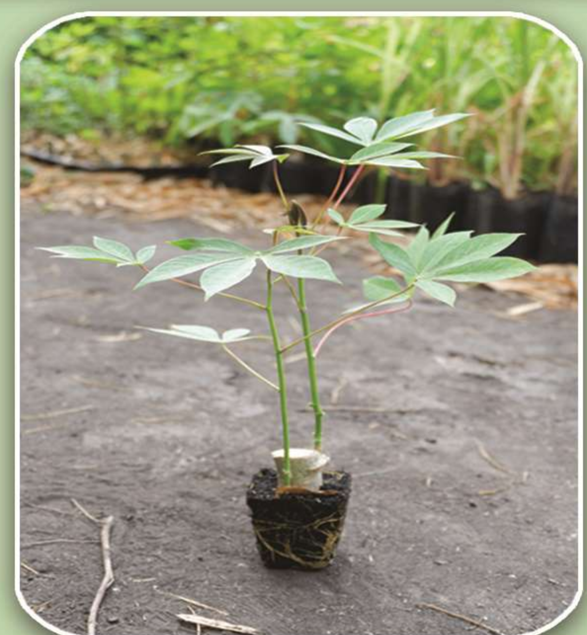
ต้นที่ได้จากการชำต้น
===============
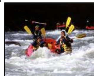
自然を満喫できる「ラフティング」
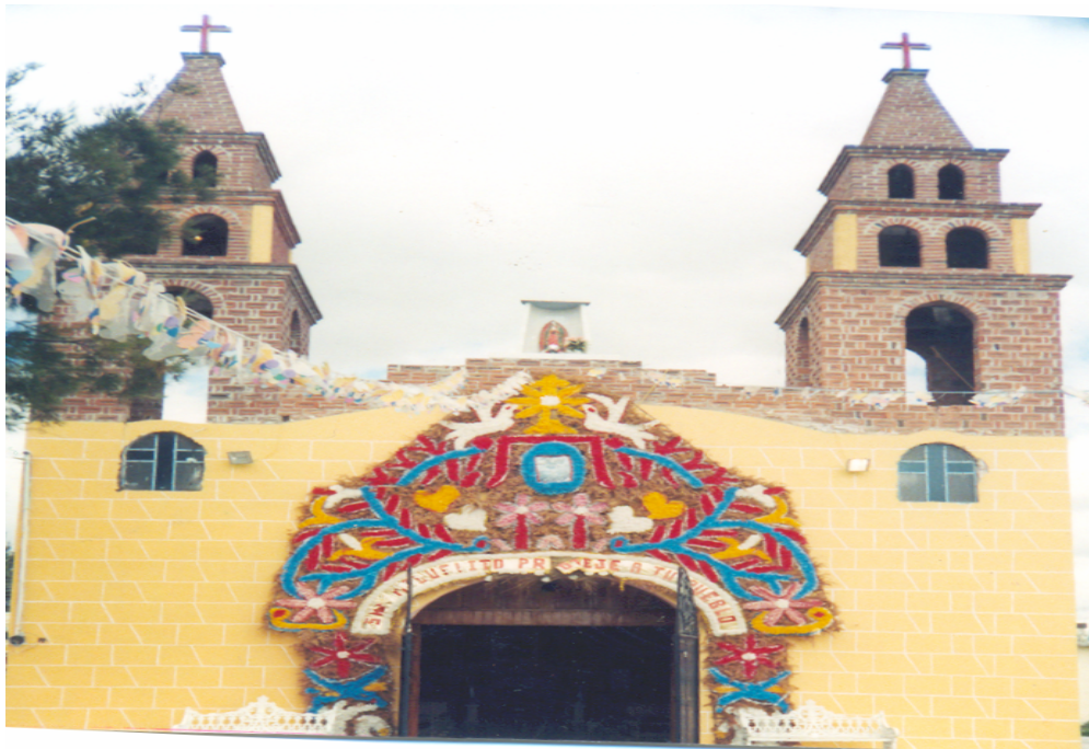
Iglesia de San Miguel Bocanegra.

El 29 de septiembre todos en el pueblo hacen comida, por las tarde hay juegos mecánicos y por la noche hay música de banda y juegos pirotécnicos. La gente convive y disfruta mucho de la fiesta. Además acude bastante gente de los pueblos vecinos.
===============
Beginning with the line above that contains "Iglesia de San Miguel Bocanegra.", copy each line exactly up to and including the line that contains "El 29 de septiembre", and go no further.

■ YOUR SOLUTION ■
Iglesia de San Miguel Bocanegra.

El 29 de septiembre todos en el pueblo hacen comida, por las tarde hay juegos mecánicos y por la noche hay música de banda y juegos pirotécnicos. La gente convive y disfruta mucho de la fiesta. Además acude bastante gente de los pueblos vecinos.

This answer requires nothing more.